The Krishna P. Singh Center for Nanotechnology

Architecture is very much a product of scale. But, beyond metaphor, what can architecture really do at micro, let alone nanoscales?

The Krishna P. Singh Center for Nanotechnology

When architects Weiss/Manfredi were tasked with building a new center for UPenn's nanotechnology research hub, they interviewed the scientists who would be working there.

The Krishna P. Singh Center for Nanotechnology

"When we talked to the scientists," the architects say, "they kept talking about scales. We like to say nanoscale, but for them it’s really just scale.”

The Krishna P. Singh Center for Nanotechnology

After observing their work, Weiss/Manfredi came to the conclusion that the best and most effective architectural statement they could make was to scale up.

The Krishna P. Singh Center for Nanotechnology

More specifically, they blew up the microscope slides and nano-work being done inside the facility's clean room and laboratories.

The Krishna P. Singh Center for Nanotechnology

By doing so, the architects turn “the paradigm of the laboratory inside out," and end up making a spectacle out of the scientists themselves.

The Krishna P. Singh Center for Nanotechnology

For a laboratory building, the structure is surprisingly transparent. Walls of amber-stained glass help protect the sensitive materials inside the laboratories.

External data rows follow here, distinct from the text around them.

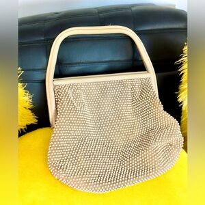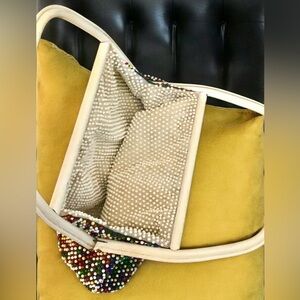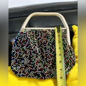 This is a unique purse looking for a special home. This type of of bag was popu in the 1960s and features small beads looking like candy dots in yellow, red, blue, white, green, and red. The lining can be reversed to carry as an ivory or cream purse. The bag is in good condition for its age but does have one missing cream on the cream side of the lining. There are also some scratches on the handle but it still wears nicely. The cream side may have some slight discoloration in some areas. Overall, it’s still a fun colorful way to accessorize an outfit and generate a conversation.
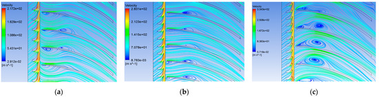 Velocity streamline diagram of 50% leaf height under different number of stator blades. (a) The number of stator blades is 24; (b) the number of stator blades is 30; (c) the number of stator blades is 38.
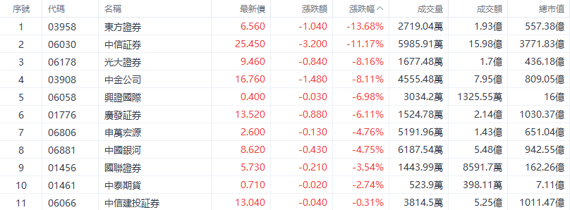 中资券商股广漠走低,东方证券跌超13%,中信证券跌超11%,光大证券(维权)、中金公司跌超8%。
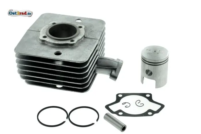 Neuer Zylinder mit 60ccm / 63ccm inklusive Tuningkolben mit Durchmesser 45,00mm (Grundmaß), Kolbenringe, Kolbenbolzen, Spangen und Fußdichtung passend für Simson S50. Es handelt sich um einen Importzylinder, allerdings um kein „Billigprodukt“.
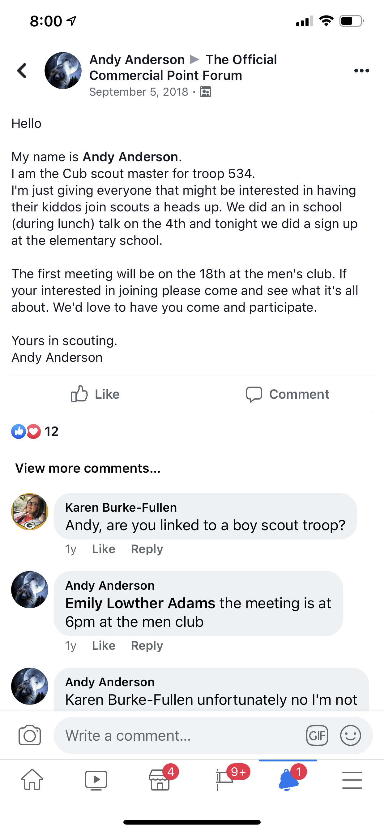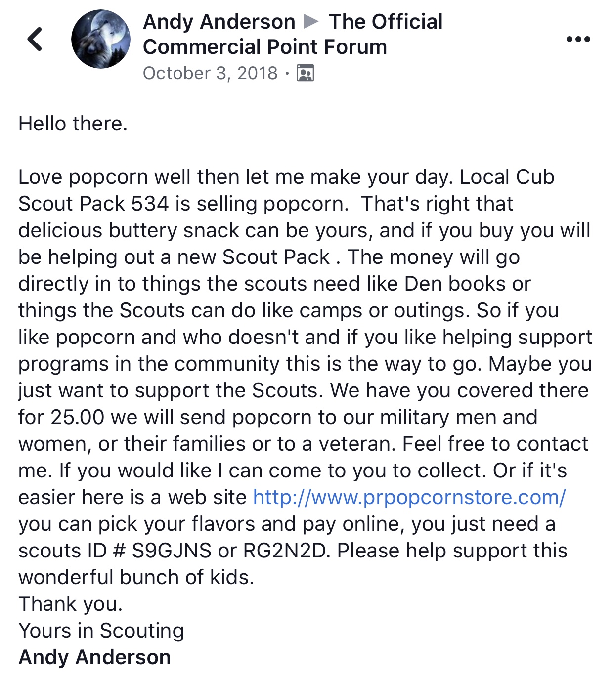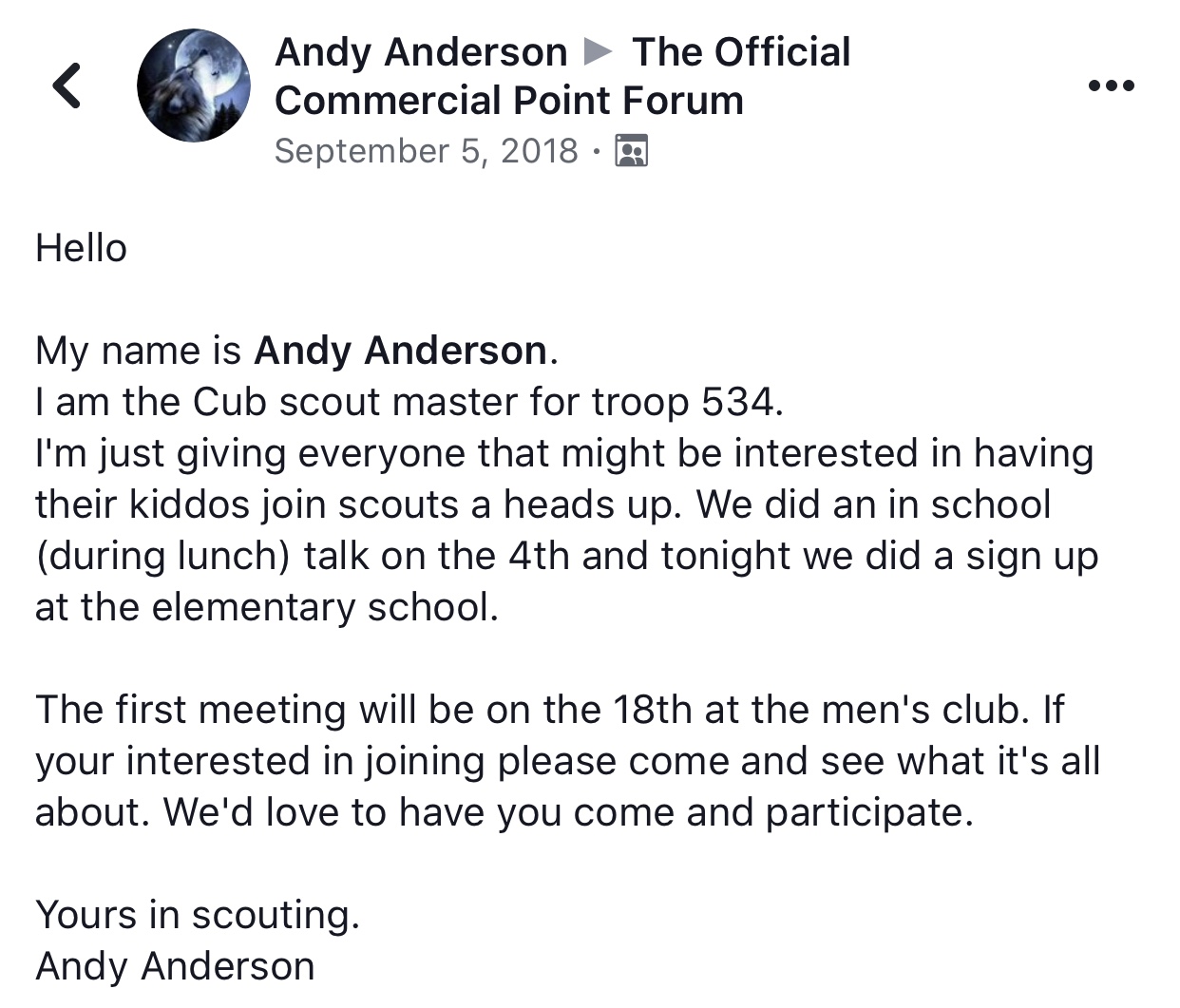 On scoutcander.com a page for cub scouts Andy Anderson is listed as a Cubmaster for the pack. Heres the link: https://www.scoutlander.com/publicsite/unitcontact.aspx?UID=47368

The Krishna P. Singh Center for Nanotechnology

The so-called "galleria" is a large atrium-like space that collects together the building's social spaces. It also buffers the gap between the laboratories and the exterior courtyard.

The Krishna P. Singh Center for Nanotechnology

The Krishna P. Singh Center for Nanotechnology is positioned at a vital junction on UPenn's campus. It embraces its urban site and offers up a triangular-shaped courtyard in response.

The Krishna P. Singh Center for Nanotechnology

The building wraps around the courtyard, from which lounging students or scientists can peer into the building and discover its secrets.

Co.Design

Architects Bring Sunshine Into Nanotech Labs

Weiss/Manfredi upends the tradition of the cloistered science lab in favor of an open, glass design.

The University of Pennsylvania’s new Krishna P. Singh Center for Nanotechnology seems to break every rule in the book when it comes to laboratory design. And it does so with a lot of shiny glass.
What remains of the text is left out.